Based on the description here, it doesn't sound like Podman is being used to create containers, only CRI-O (as instructed by Openshift). Given that, it sounds like this is an issue very similar to the Podman issue, but being triggered by CRI-O - incomplete deletion results in a container that still exists in c/storage even after CRI-O and Openshift believe it has been removed. It would support my hypothesis if a pod/container with the given name had been created and removed prior to this failure occurring.
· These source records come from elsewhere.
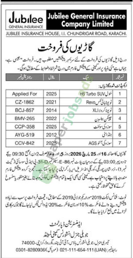 Vehicle for Sale - Jubilee General Insurance Company Limited
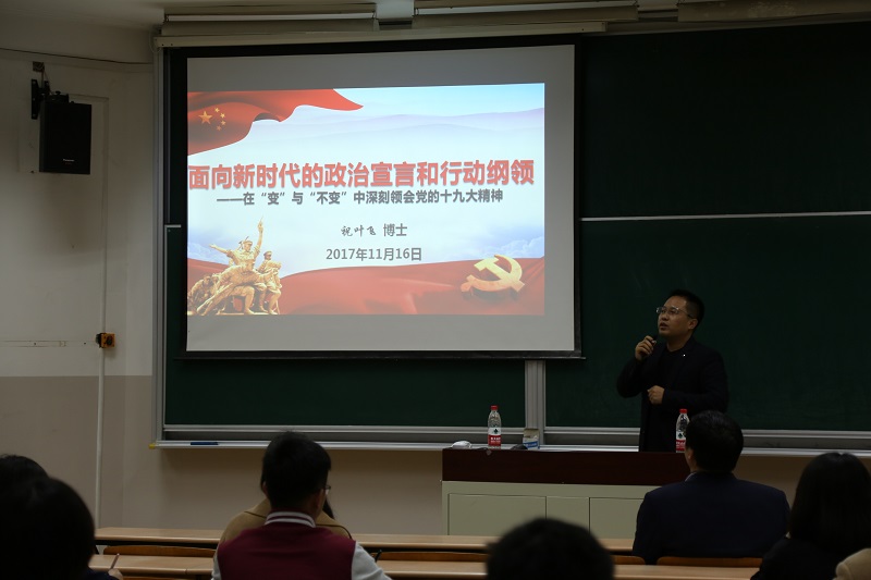 在八教306室举办党的十九大专题辅导报告会,邀请了上海市长宁区委党校老师祝叶飞博士作了题为《面向新时代的政治宣言和行动纲领——在“变”与“不变”中深刻领会党的十九大精神》的辅导报告,报告由第一会所
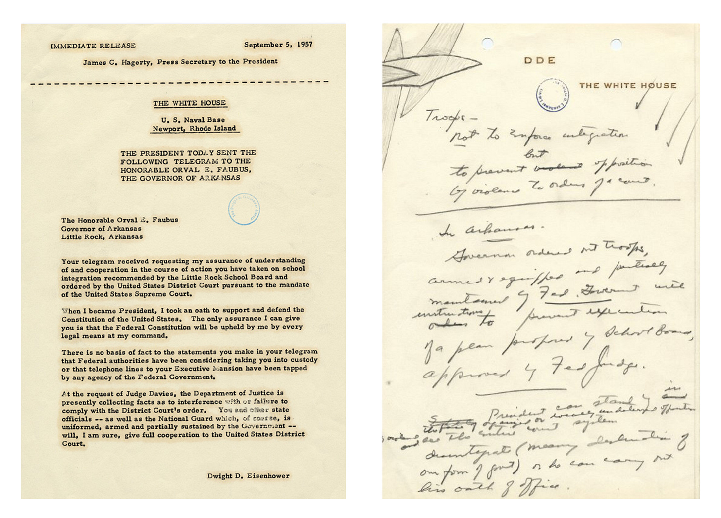 Eisenhower was enraged. He called in his Defense Secretary and asked him how long it would take to get the best division for riot control to Little Rock. Charles Erwin Wilson, who had been following the crisis closely, smiled broadly and replied that it could be done in a day. Eisenhower immediately sent out an order which a) federalized the Arkansas National Guard and b) ordered 1000 National Guard troops to Little Rock.
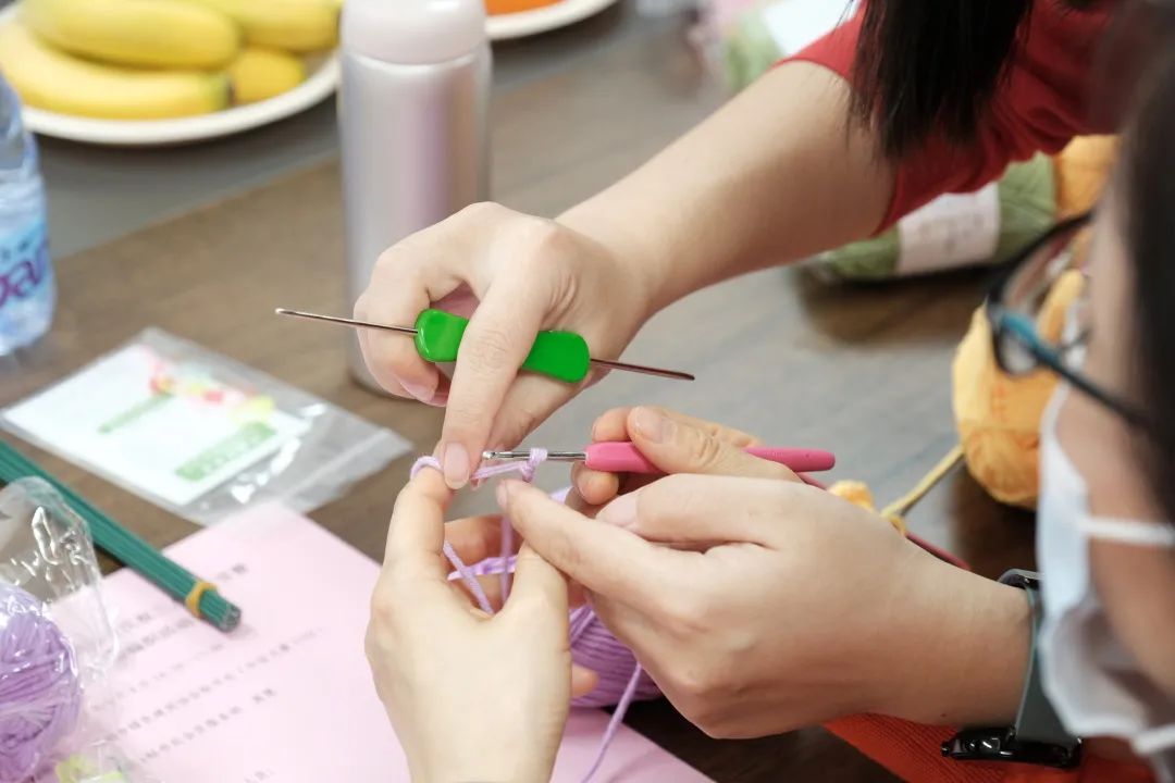 編織是人類最古老的手工藝之一,一針一線可織出無限可能。近年來,編織愛好者呈逐年上升趨勢,受到廣大女性的喜愛。本次活動,協(xié)會邀請到編織達(dá)人祁老師進行授課。她生動地為大家講解了編織的基本原理和手法,并進行現(xiàn)場演示。

Hi, >> Maybe I missed it in the above, but was Podman and/or Buildah in use in this environment along with CRI-O when this happened? >> Or did you install Podman after the error happened due to your research Podman is installed on our OpenShift nodes but it's only used by the toolbox debugging tool as far as I know. So when I ran `podman ps -a`, I could see a container with name `toolbox`, but nothing else. >> I.e. is it possible that one of those other tools created the container and then CRI-O tried to later delete it? The container name strongly suggests that container "k8s_operator_service-ca-operator-aaaaaaaaaa-bbbbb_openshift-service-ca-operator_dddddddd-eeee-ffff-gggg-hhhhhhhhhhhh_0" was created by kubernetes. The alternative being that someone created a container with the same name manually through podman (unlikely) and triggered the bug through podman (unlikely). It's way more likely that this was caused by kubernetes. >> Also, can you share a few more details of the commands you used before the error popped up? >> Did you first notice it when you did the `# oc describe pod...` command as noted in your report or doing something else? We ran a few failover tests. Ironically, we hard rebooted the other 2 master nodes sequentially. We pulled the power on the etcd leader node, verified the cluster and failover times. After verification brought back that master node. Then, we repeated the test with the new etcd leader. Pulled power. Saw that OpenShift had some issues stabilizing the cluster for ca. 30 minutes. Waited. Once the cluster was stable, we brought back up the shut down node. And then after bringing the other nodes back up, we ended up with alerts on the OCP web console indicating that 2 containers could not start up due to this issue. We did not touch the master node in question (of course, OpenShift / kubernetes did). I ran the CLI commands `oc get pods` / `oc describe pod` after we noticed the issue on the web interface. >> it sounds like this is an issue very similar to the Podman issue, but being triggered by CRI-O That's what I speculate might be the case too. >> It would support my hypothesis if a pod/container with the given name had been created and removed prior to this failure occurring. I can't back this up at the moment but given the failover tests I'd say this is likely.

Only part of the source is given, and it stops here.